### PROBLEM DETAILS
Please retype the data in full and exactly; the pictures are not part of the copy.

### PROVIDED DATA
-------

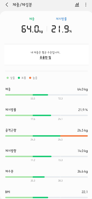 자 이렇게 삼성헬스 앱에서도 인바디 측정 결과를 확인 할 수 있습니다.
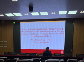 杰出校友、英国利兹大学终身讲席教授王斌华为母校师生带来一场题为”探讨海外学人外语创作和自我回译中的知识空间再造”的专题讲座。王斌华教授以美籍华裔历史学家Ray Huang的英文专著1587, a Year of No Significance的英文创作和中文自译为例,通过对该著作的创作、自译和出版过程的档案分析和对英语、汉语版本的平行语料库对比分析,为学术自译者的能动性和自主性提供了实证理据,并揭示海外学人如何通过外语创作中的隐性翻译为异语学界创造新的知识空间、如何通过自我回译为其母语学界再造异质性的知识空间。
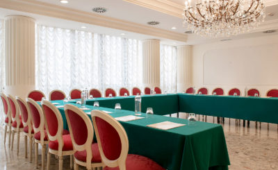"Liberty" meeting roomA modular environment suitable for various kinds of business events, the Congress Hall is a versatile location which can be transformed according to any business needs. Arranged in the shape of a horseshoe for 20 people, in rows for conferences with 30/40 participants or stalls for conferences with up to a maximum of 85/90 seats, the hall is located next to the restaurant and so it is easy to organise coffee breaks or business breakfasts and lunches with personalised menus. |
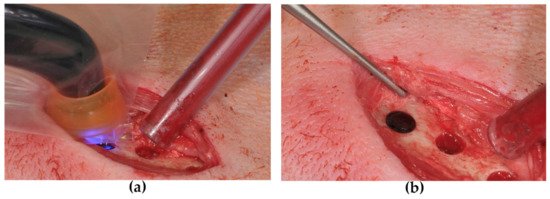 The defects were filled with either BioM1 or BioM2. Prior to insertion of the biomaterials, the holes were dried using sterile cotton balls. When relative dryness was reached, the gel-like biomaterials were quickly injected in 2 mm thick layers and instantly photopolymerized for 40 s each using a calibrated dental light curing unit (Bluephase, 830 mW/cm², Ivoclar–Vivadent, Ellwangen, Germany). Polymerzation is shown in Figure 7a. After the bone defects were completely filled, the surface of each polymerized biomaterial was whipped once with a 70% ethanolic solution (Figure 7b). The position of the filled defects sites was marked by insertion of a 4 mm long titanium pin (Geistlich Biomaterials, Baden-Baden, Germany). The position of the pin in relation to the defect sites was transferred to a transparent plastic foil which was used for relocation after euthanasia. Subsequently, the periosteum was closed and the muscle fascia, subcutaneous tissue and skin were sutured with an absorbable thread.

-------

### TASK RESPONSE
 자 이렇게 삼성헬스 앱에서도 인바디 측정 결과를 확인 할 수 있습니다.
 杰出校友、英国利兹大学终身讲席教授王斌华为母校师生带来一场题为”探讨海外学人外语创作和自我回译中的知识空间再造”的专题讲座。王斌华教授以美籍华裔历史学家Ray Huang的英文专著1587, a Year of No Significance的英文创作和中文自译为例,通过对该著作的创作、自译和出版过程的档案分析和对英语、汉语版本的平行语料库对比分析,为学术自译者的能动性和自主性提供了实证理据,并揭示海外学人如何通过外语创作中的隐性翻译为异语学界创造新的知识空间、如何通过自我回译为其母语学界再造异质性的知识空间。
"Liberty" meeting roomA modular environment suitable for various kinds of business events, the Congress Hall is a versatile location which can be transformed according to any business needs. Arranged in the shape of a horseshoe for 20 people, in rows for conferences with 30/40 participants or stalls for conferences with up to a maximum of 85/90 seats, the hall is located next to the restaurant and so it is easy to organise coffee breaks or business breakfasts and lunches with personalised menus. |
 The defects were filled with either BioM1 or BioM2. Prior to insertion of the biomaterials, the holes were dried using sterile cotton balls. When relative dryness was reached, the gel-like biomaterials were quickly injected in 2 mm thick layers and instantly photopolymerized for 40 s each using a calibrated dental light curing unit (Bluephase, 830 mW/cm², Ivoclar–Vivadent, Ellwangen, Germany). Polymerzation is shown in Figure 7a. After the bone defects were completely filled, the surface of each polymerized biomaterial was whipped once with a 70% ethanolic solution (Figure 7b). The position of the filled defects sites was marked by insertion of a 4 mm long titanium pin (Geistlich Biomaterials, Baden-Baden, Germany). The position of the pin in relation to the defect sites was transferred to a transparent plastic foil which was used for relocation after euthanasia. Subsequently, the periosteum was closed and the muscle fascia, subcutaneous tissue and skin were sutured with an absorbable thread.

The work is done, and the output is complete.